Jac was still conscious. He staggered as the man—Sedric’s man, the same from the vision—punched him in the chest. Levi jolted for a moment, seeing his vision so clearly confirmed, and then he fingered the gun in his pocket. But shooting Jac’s opponent was a big risk—Levi wouldn’t be able to pay Sedric back from a jail cell, nor would prison protect him from the don’s vengeance. Besides, unlike Eight Fingers or Ivory, Levi wasn’t a killer.

He rushed to the referee who sat on a chair overlooking the pit.

“You have to stop the match,” Levi told him.

“Why is that?” the man asked, his eyes never leaving the fight.

“That boy’s only seventeen. He’s not of age.”

“You got a birth certificate?” The referee took a sip from his glass.

Jac tripped. His opponent kicked him in the back. On the other side of the pit, the man who’d killed Levi during his vision cheered Jac’s opponent on. Chills spread down Levi’s back—it certainly wasn’t a sight he saw every day.

He whipped back around to the referee. “Please.” Not something Levi said every day, either.

“Get lost.”

Levi spotted a bar twenty steps ahead, and he didn’t even stop to think—he ran. The bartender shouted as Levi jumped over the counter and grabbed two double handles of absinthe. He charged at Levi, but Levi was already leaping back over the bar and heading for the pit. Levi yanked open the lids and poured the alcohol all over the straw-covered ground of the ring. The referee whistled, but he ignored him. When Levi snapped his fingers, a spark flew out and ignited half the pit.
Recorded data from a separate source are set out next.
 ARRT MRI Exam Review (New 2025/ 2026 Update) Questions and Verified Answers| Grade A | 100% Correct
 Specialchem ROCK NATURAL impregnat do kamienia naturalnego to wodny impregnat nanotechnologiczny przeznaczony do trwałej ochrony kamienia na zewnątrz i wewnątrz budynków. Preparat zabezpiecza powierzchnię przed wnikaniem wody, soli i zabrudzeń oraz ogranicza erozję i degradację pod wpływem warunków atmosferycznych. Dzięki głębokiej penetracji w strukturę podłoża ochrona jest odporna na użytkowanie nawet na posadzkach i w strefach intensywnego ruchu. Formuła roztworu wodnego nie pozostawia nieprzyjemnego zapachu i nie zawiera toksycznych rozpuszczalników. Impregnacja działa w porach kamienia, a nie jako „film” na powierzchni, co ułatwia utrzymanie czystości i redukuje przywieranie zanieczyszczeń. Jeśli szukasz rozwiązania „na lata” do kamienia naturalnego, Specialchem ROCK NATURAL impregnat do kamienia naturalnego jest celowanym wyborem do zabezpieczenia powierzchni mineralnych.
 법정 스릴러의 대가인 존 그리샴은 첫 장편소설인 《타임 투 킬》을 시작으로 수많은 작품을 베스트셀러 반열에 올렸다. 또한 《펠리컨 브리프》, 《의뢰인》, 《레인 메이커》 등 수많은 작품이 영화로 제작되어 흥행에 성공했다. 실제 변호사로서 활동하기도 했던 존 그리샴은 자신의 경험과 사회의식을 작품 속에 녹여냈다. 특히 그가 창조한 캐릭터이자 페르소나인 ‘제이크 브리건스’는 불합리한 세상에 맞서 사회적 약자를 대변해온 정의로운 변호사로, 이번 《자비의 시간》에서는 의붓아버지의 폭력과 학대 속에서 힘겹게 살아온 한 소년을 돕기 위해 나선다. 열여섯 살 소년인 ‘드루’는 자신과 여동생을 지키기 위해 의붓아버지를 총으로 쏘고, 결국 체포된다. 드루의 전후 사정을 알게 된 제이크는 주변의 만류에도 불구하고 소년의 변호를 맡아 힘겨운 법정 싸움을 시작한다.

Levi jumped. He hit the ground and fell into the flames, but as he rolled out into the dirt, the fire on his clothes extinguished. Jac lay on the ground, deathly still. His opponent stared at the inferno with wide eyes, and the crowd above scattered and charged toward the stairs.

Levi grabbed the opponent and twisted him around. The man must’ve recognized Levi from Scrap Market, because he grunted when their eyes met.

“Tell Torren that if he lays a hand on Jac,” Levi snarled, “I’ll burn the flesh off his bones.”

Dangerous words to say to a Torren. It was the sort of thing any of the Torren cousins would take pleasure in doing to him.

Levi pulled the gun from his pocket. Before he could aim it and make a proper threat, someone else’s bullet hit the man between the eyes. The man wavered for a moment, blood trickling down his brow bone, nose and lips, and then he collapsed at Levi’s feet.

Above them, Jonas pocketed his pistol and motioned for Levi to hurry. No time to be fazed by the man shot two feet in front of him, Levi picked up Jac—the fire was gaining, and even if it wouldn’t hurt Levi, it would burn Jac—and carried him to the edge of the ring. Jonas grabbed Jac’s arm over the barrier and hoisted him over.